When I was a child I spent a great deal of time at the beach. We would sail in my grandfather’s boat, the “Dixie Flyer” or my parent’s boat, the “La Moette,” to the islands off the Mississippi coast.  Ship Island was where we would go most often. When I need a place to go, when I need to make a mental escape from the world, when I am trying so hard to sleep at night, that is where I go.

I can’t remember the last time I was actually, physically there but I often go there in my mind. And the Ship Island of my mind and heart may or may not be what it was then or what it is now. I only know my reality of it.

I remember playing on the white sand beach for hours on end. I was sun-kissed and happy. My brother and I would dig trenches and have hermit crab races. Of course we would build sandcastles and swim. The water was so clear in those days. We would dive for sand dollars! I remember that.

Sometimes we poured Mountain Dew over the stern of the boat and watch the swarms of catfish the sugary liquid would attract.
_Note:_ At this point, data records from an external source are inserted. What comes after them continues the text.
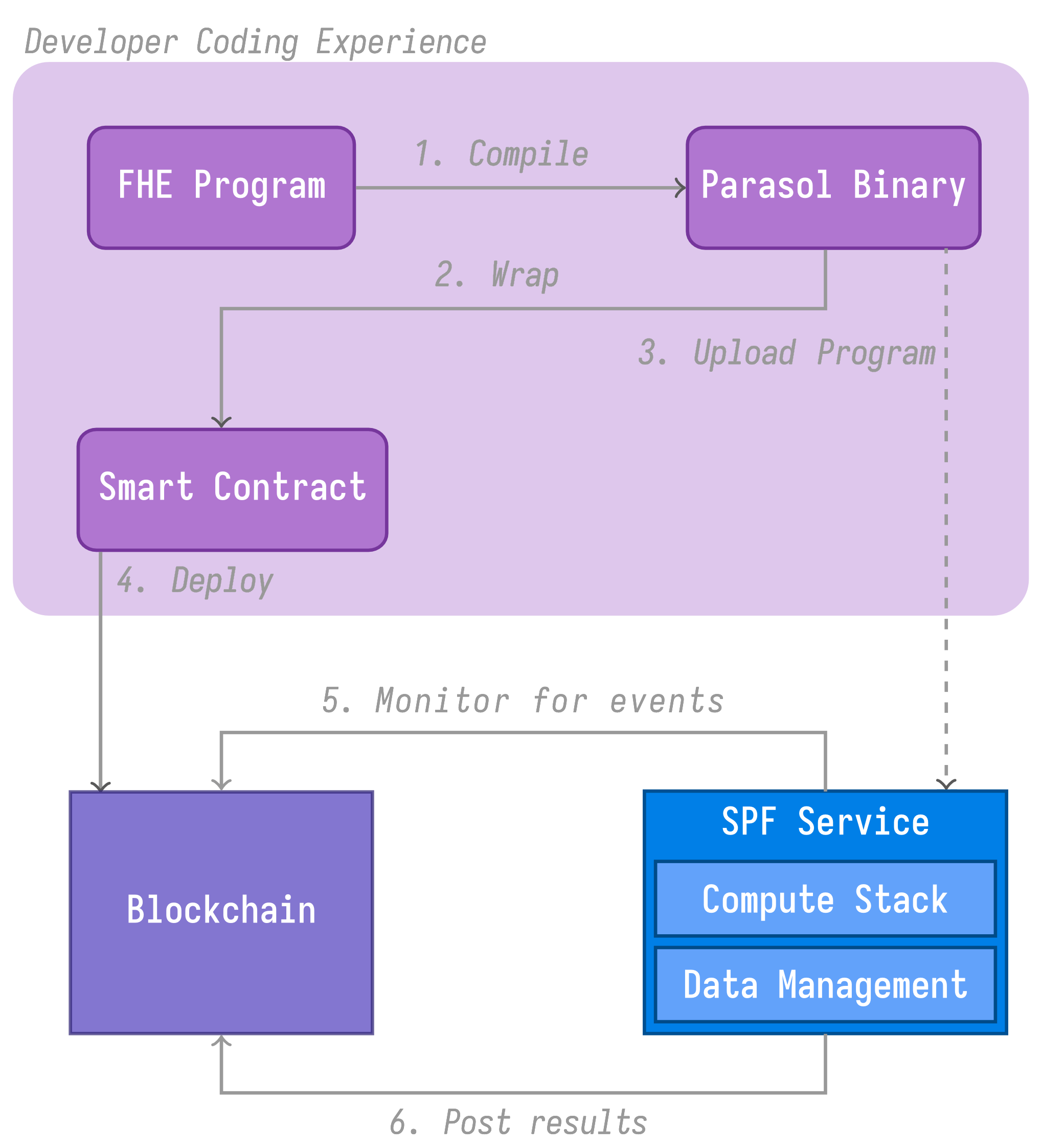 The SPF design enables developers to bring FHE directly to applications on any chain without requiring migration to a new chain, L2, or rollup. This architecture maintains a similar developer workflow for both web2 and web3 environments, as most blockchains are not designed to handle FHE operations directly on-chain.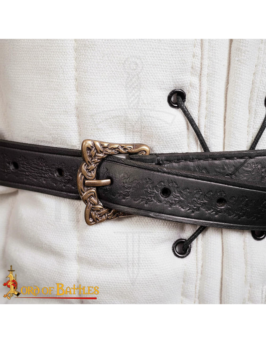 Designed for those who value fit and discretion, its medium profile offers ideal compatibility with both traditional and casual garments, maintaining a clean line that enhances the silhouette without adding unnecessary bulk. If you're looking to buy a Viking leather belt in black embossed with an antiqued brass buckle, you will find this piece combines history, practicality, and distinctive style that makes a difference.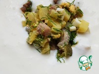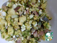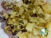 Нарезаем сельдь, картофель, яйцо и маринованный огурец. |

Ship Island is unique because in the very middle of the island there is an artesian well with an old pump. After a day of sun and salt, we would run through the sea oats, take turns pumping and allow the fresh, pure water to pour over us. Wonderful!

I recently  took a trip (a mental trip) to Ship Island to see the little girl who was me. I thought I might tell her some things. Instead, she told me.

She runs along the beach, bare feet pound the hard, wet sand. Wet hair slaps her tan shoulders. Her tongue licks the salt and sun from her lips. She runs. She wants to see how fast she can be. Her skinny legs will take her far.  Her skinny legs will move her forward to the future.

But now there is a woman who wants to see her, talk with her and hold her little hands. That woman is me.

“Be kind to yourself,” the little girl tells me. She smiles.  “Look,” she says, “I swam deep as my brother and got these sand dollars. It’s hard to go that deep,” she says, “but this is what you get for it.”

I love that little girl so much.

She’s not surprised or disturbed by my presence. She is quite accepting that I’m there. In fact, she acts like I am always there with her—a companion, of sorts. She is astounding. She flits here and there. Digs in the sand for a while. Runs through the sea oats stopping to watch a flock of seagulls.  She finds a stick to write her name in the sand. My name. She writes it big and proud then adds a heart at the end. Drags the stick. Drops it. Runs, then wades, then swims to the boat for lunch. Sandwiches, Barq’s root beer, cold watermelon. I stand on the beach alone. She looks up and waves.

I have nothing to tell her. Her life will be good and sweet. It will be bitter. She’ll have long stretches of sunny days. She’ll have sadness and anger that seems unending. But the sadness will end to be replaced by more sunshine and calm. Back and forth, her life will go. Like any life. Like everyone to different degrees. That’s ok. She’s telling me the same thing. Be kind to yourself. Smile a lot. Look at the sand dollars and seagulls. Be kind to yourself. Forgive yourself. The rest will follow.

“Be kind to yourself,” she tells me.